Escrevo
normalmente as minhas crónicas com alguma antecedência. Isso permite-me
sobretudo a assiduidade, mas também evito deixar-me apanhar mais facilmente
pela inevitável espuma dos dias, não deixando no entanto de estar atenta ao que
acontece na hora. Até já tinha uma crónica escrita para hoje vos ler, mas sendo
de assunto que não passará tão cedo da actualidade, guardei-a para outra semana
e resolvi reagir ao que me aconteceu neste último fim-de-semana.
Gosto de
assistir a congressos dos Partidos políticos, seja ao vivo, seja pela televisão
ou pela rádio. Sei que é um gosto estranho. Deverei fazer parte dos talvez 1%
dos eleitores, ou quem sabe menos, que têm esse mesmo gosto. O resto das
pessoas tem mais que fazer e com que se entreter, o que não critico.

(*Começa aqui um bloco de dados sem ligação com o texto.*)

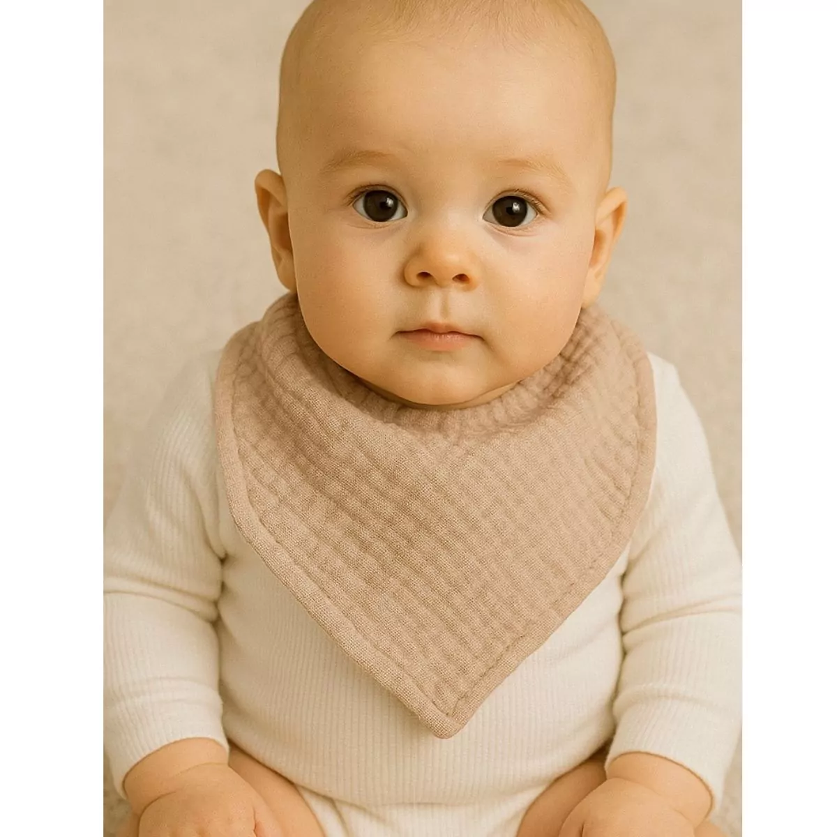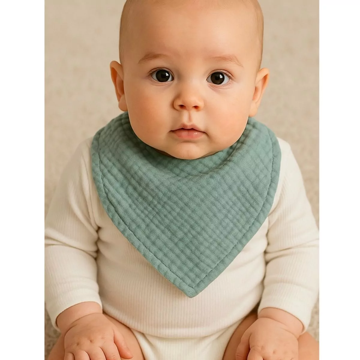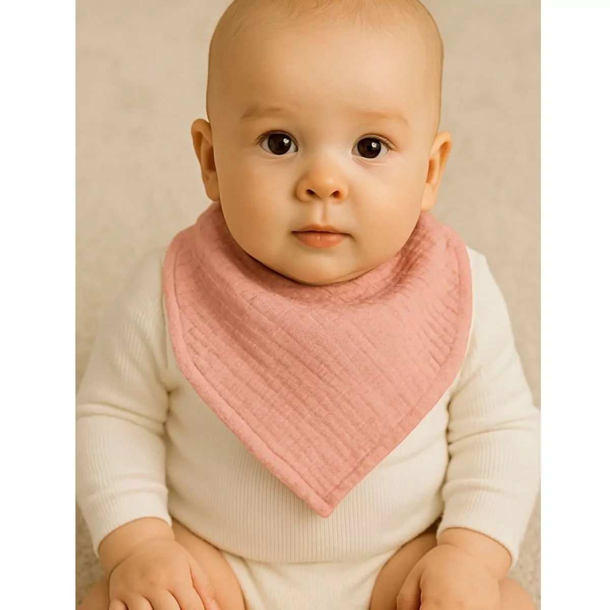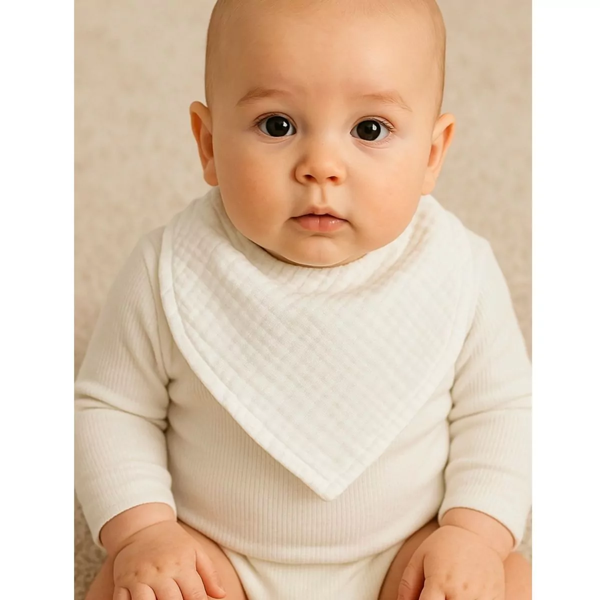 Ce bavoir triangle est idéal pour accompagner bébé lors de ses biberons ou repas. Facile à attacher grâce aux boutons à pression, il reste bien en place tout au long de la journée. Sa matière en gaze de coton, douce et légère, permet d’essuyer bébé en toute délicatesse, tout en apportant confort et praticité. Disponible en blanc, beige, vert et rose, ce bavoir triangle protège non seulement les vêtements de bébé mais ajoute également une touche de charme à sa tenue.

Provavelmente falta-lhes tanto a paciência para as discursatas e os comentários
de corredor em directo para os microfones ávidos de notícias frescas num mundo
velho como o da Democracia, como a outros faltará a paciência para as novelas
ou os jogos da bola e respectivos comentadores.
E além da
paciência, talvez falte o hábito (ou já se tenham cansado dele) para tomar
atenção às palavras e ao que elas trazem consigo nos contextos – espaço e
momento – em que são proferidas. As palavras que poderão depois ser comparadas
com as que aconteceram noutros contextos, o que requer algum exercício quer de
atenção, quer de memória. E compará-las sobretudo com os actos, que em Política
são as opções que se tomam, e onde as descoincidências são, estou em crer, um
enorme factor de dissuasão para os que, interessando-se por Política e
cumprindo o seu direito e o seu dever de eleitores, se “marimbam” para as
reuniões magnas das associações que formam, enformam, amparam e seleccionam os
que algum dia governarão ou condicionarão os que governam.
Outro
exercício interessante, que é até nestes tempos facilitado pelos registos
audiovisuais que os meios de comunicação guardam e disponibilizam para quase
todos os que têm facilidade de acesso às tecnologias, é avaliar comportamentos
típicos de elementos dessas organizações nesses contextos diferentes. Dá
trabalho, quando não se têm de memória, o que acontece sobretudo quando se
sentiu na pele o efeito desses comportamentos, pois como sabemos todos, não há
melhor memória do que a das coisas que nos afectam os sentidos e os sentires.
Ora, no
fim-de-semana, voltei então a ter com que me entreter em frente à televisão,
para além da rádio e do computador a que me ligo quotidianamente. E muitas
vezes para ver, ouvir e ler com mais atenção, e não como som de fundo de outros
afazeres, o que naturalmente também acontece. Eis senão quando, começo a ouvir
o discurso de um político na oposição, de nível nacional e europeu, ex, actual
e futuro eleito de um Partido da extrema-direita à portuguesa, em que para além
da forma inflamada com que anunciava o seu futuro nada mais disse que,
espremido, não fossem chavões. Isto depois de ouvir (e confirmar, lendo o que
foi também escrito) um texto de um político na governação, de nível local, de
um Partido da extrema-esquerda, queixar-se de que a contestação e o seu
espírito, que durante 12 anos andou a ensinar (quase como escolaridade
obrigatória) aos cidadãos, são agora tristes e para esquecer. Tomei uma decisão
para o resto do meu serão: vou mas é ouvir a chuva cair e continuar a ler (acto
que requer também gosto e persistência) “A Estranha Ordem das Coisas” do
António Damásio. Sempre aprendo alguma
coisa de útil e confirmo outras de que já desconfiava.